Can you inline this into each test? Probably pd.DataFrame({"x": [1, 2, 3]}) would be sufficient.
There was a problem hiding this comment.
Done in 92afb9b — _xy_df helper removed; each test builds its own df inline from the smallest pd.DataFrame({...}) sufficient for the assertion. Most tests use {"x": [1, 2, 3]}; tests that need a second column use {"x": ..., "y": ...}.

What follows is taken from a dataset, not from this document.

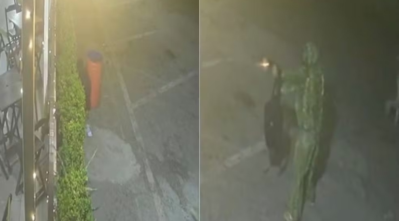 O vídeo gravado mostra o momento em que a mulher se aproxima do restaurante a pé, junto com o companheiro, quando os tiros começam a ser disparados. O homem corre para dentro do restaurante. Já a mulher tenta se proteger atrás de um objeto. Pelo menos quatro criminosos se aproximam e atiram contra ela.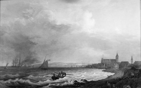 Editor: Here we have J.C. Dahl’s “Flat Beach by Sunset,” painted in 1826 using oil paints. It evokes such a somber, almost haunting, mood. How do you interpret this work? Curator: Let us observe the painting’s formal elements. Consider how the artist has orchestrated a visual language, first, through the heavy, textured sky, pressing down with dark, vertical strokes, in stark contrast to the flat, horizontal expanse of the beach. Does the interplay of light and shadow contribute to the mood you identified? Editor: Definitely. The limited tonal range makes the scene feel quite dramatic. The brushstrokes are really apparent, especially in the sky, and they contribute to that feeling of an approaching storm, maybe? Curator: Precisely. Note the positioning of the figures and the boat: diminutive and facing away, they amplify the sense of vastness, vulnerability, and perhaps insignificance in the face of nature's power. The diagonal placement of the boat directs the eye, creating dynamic movement but simultaneously underlining isolation. Do you agree? Editor: I hadn’t thought of it that way, but seeing the placement of the figures as you describe changes how I see the balance of the painting overall, the geometry. I appreciate you breaking down the interplay of brushwork, scale, and placement; it is more than just a scene, it is about form and emotional impact. Curator: Indeed. By examining the interplay between compositional elements like line, mass, and texture, we perceive the artwork’s ability to stimulate emotive engagement, and its enduring resonance beyond its surface portrayal.

- Remove the `where = filter` class-level alias. PySpark-compat naming can land later if there's demand; not part of this layer's scope. - Replace the manual left-fold of `Expr::and` in `InternalDataFrame::filter` with DataFusion's `conjunction` helper from `datafusion_expr::utils`. Same semantics, fewer lines, and matches the pattern used elsewhere in the workspace (`sedona-pointcloud`, `sedona-query-planner`). - Drop the `_xy_df` helper in `test_dataframe_filter.py`; each test now builds its own `df` via `con.create_data_frame(pd.DataFrame(...))` inline, with the smallest data sufficient for the assertion. Same "full context in the failing test function" rationale as the select PR. - Drop `test_where_alias_produces_same_output` along with the alias.
Wire the
Exprlayer into the existing lazyDataFrameso users can filter rows without writing SQL predicates.This is the fourth and final small PR completing Phase P1 of #791, building on #807 (Expr foundation), #823 (operators), and #832 (
DataFrame.select).What's new
Multiple predicates are AND-combined into a single composed
Exprvia DataFusion'sconjunctionhelper, giving the optimizer one conjunction to reason about rather than N stacked filter nodes. Chained.filter().filter()calls produce two filter nodes in the plan but the same result.Decision worth flagging — rejecting
Literal🛎️ cc @paleolimbotfilter()rejects bothstrandLiteralarguments at the Python boundary.query()-style feature, not this PR's surface.Literalis rejected becausefilter(lit(True))(or anyfilter(lit(value))) is almost always a typo: DataFusion would silently acceptWHERE 7as truthy, producing a filter that looks present in the source but is actually a no-op. If a user genuinely wants a constant predicate they can writecol("flag") == lit(True), which forces the intent.This is more restrictive than
select, which does acceptLiteral. The asymmetry is intentional: a literal as a projection is meaningful (a constant column), but a literal as a filter is almost never what you want. Happy to revisit if you'd rather havefilter(lit(...))accepted and the resulting no-op surface as an optimizer-time warning instead.Implementation
Rust:
InternalDataFrame::filter(Vec<PyExpr>)— empty list errors at the Python boundary; multi-element lists are folded viadatafusion_expr::utils::conjunction, matching the pattern used elsewhere in the workspace (sedona-pointcloud,sedona-query-planner). Step-by-step comments explain the conjunction choice.Python:
DataFrame.filter(*exprs: "Expr") -> DataFramewith explicitisinstancechecks rejectingstr,Literal, and other types.Test plan
12 tests in
tests/expr/test_dataframe_filter.py:&,|,~,isin, chainedfilter().filter()matches multi-AND.DataFramewithout materializing.ValueError; string arg →TypeError;Literalarg →TypeErrorwith the actionable suggestion; unknown column →SedonaErrorwhose message includes the valid field names.Each test builds its own input
dfinline from the smallestpd.DataFrame({...})that exercises the predicate. Existing select/expression/literal tests all still pass.ruff formatand doctests both clean.What's next
This completes the issue-tracker Phase P1 (Expr layer + select/filter on DataFrame). Phase P2 in the design doc covers
Series/Scalar,groupby,merge, the curatedsd.stmodule, and the cookbook track.